Lúcifer Morningstar também teve alterada sua participação em Prelúdios e Noturnos, que inclui os quatro primeiros episódios, não apenas por ser uma atriz sua intérprete (e discutir o sexo dos anjos não é sinônimo de debate estéril?), mas por ser o Rei dos Infernos o duelista do Rei dos Sonhos, o que tornou a disputa mais relevante, justificando ainda mais os acontecimentos que devemos ver numa segunda temporada com o arco Estação das Brumas. Detalhe: a aparição de Mazekeen (Cassie Claire) é uma piscadela para os fãs do Lucifer de Tom Ellis, porque nos quadrinhos ela mal aparece.
24/07, que fecha o primeiro arco, nas HQs é uma das histórias mais perturbadoras já escritas, e se não é tão gore quanto o original, mantém a tensão e emoção, com um trabalho sensacional de David Thwelis como John Dee, sendo um triunfo da adaptação.
Entre Prelúdios e Noturnos e Casa de Bonecas temos o já clássico reencontro de Morpheus com sua irmã mais velha, a Morte, o episódio O Som de Suas Asas, que está perfeito na série. Eles emendam com Homens de Boa Fortuna, em que conhecemos Hob Gading (Ferdinand Kingsley, de Mank), e ficou melhor que o original.
A crítica Isabela Boscov achou que a série cai no segmentos finais, que originalmente é muito mais intrincada e inclui a mitologia pregressa do Sandman na DC. Achei engenhosa a forma como ligaram a história de Lyta (a libanesa Razane Jammal, da série egípcia Paranormal, que está na Netflix) com a de Rose, e a substituição de Brute e Glob por Gault (Ann Ogbomo, uma das amazonas de Mulher-Maravilha) acrescenta mais do que tira da história.

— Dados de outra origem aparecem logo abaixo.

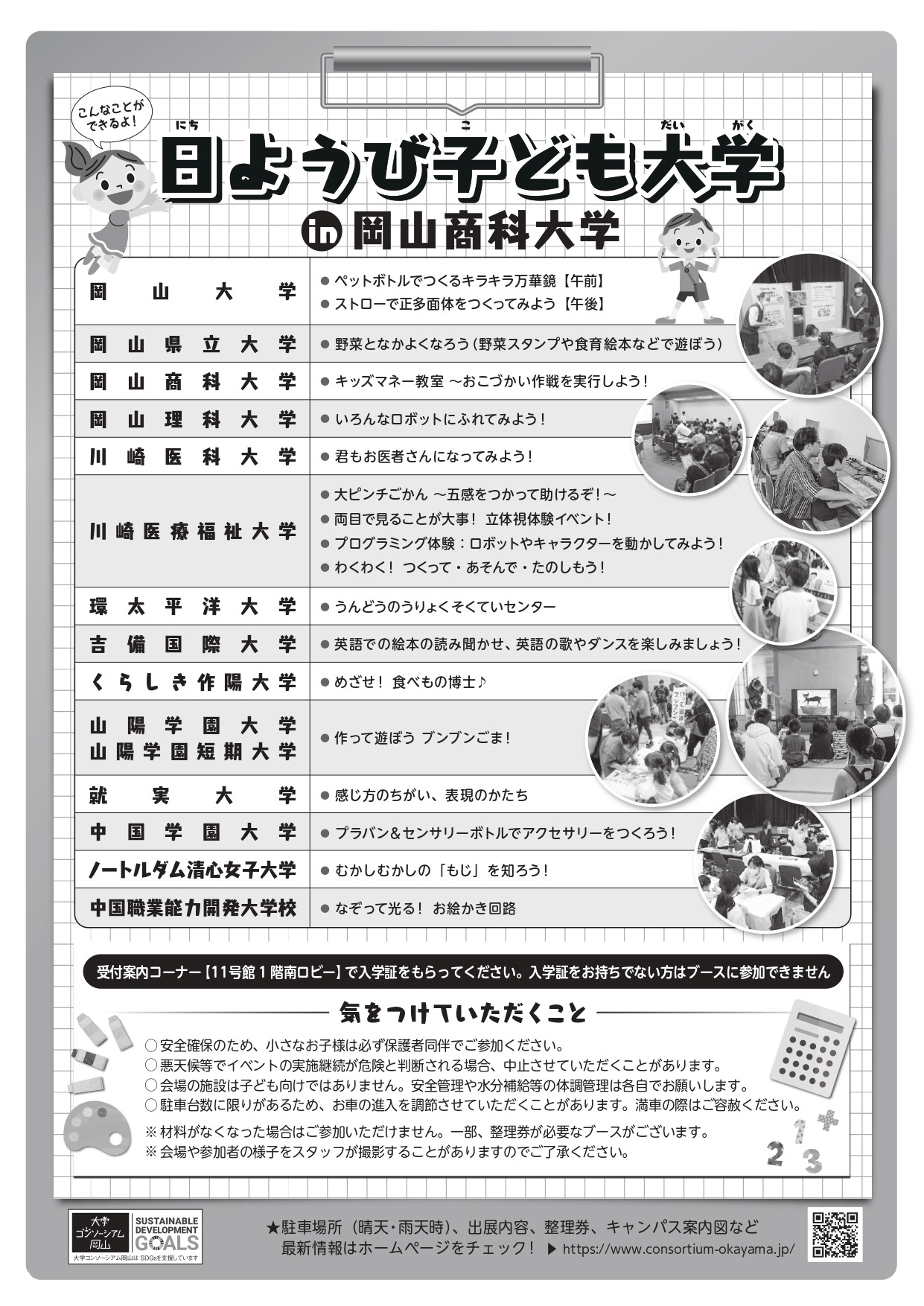 岡山商科大学にて、岡山県内15大学がそれぞれの教育研究活動を集約して行われるイベント「日ようび子ども大学」が開催されます。様々なことを実際に体験して、楽しみながら学べるイベントです。

Quando Barbie (Lily Travers, de O Último Vice-Rei) aparece com Martin Tenbones é lindo, evocando o arco Um Jogo de Você, que, para mim, é o melhor de todo Sandman. E não dá para imaginar outro ator que não o fabuloso Stephen Fry para encarnar Gilbert/Fidlers Green.
Em um momento em que produções de franquias consagradas vem decepcionando – como a série Obi-Wan Kenobi, de Star Wars; o filme Thor: Amor e Trovão, da Marvel; e continuações de Umbrella Academy e Killing Eve, que já foram ótimas e agora passaram despercebidas – é um prazer ver o acerto. Sandman já deixa o público na expectativa por uma segunda temporada.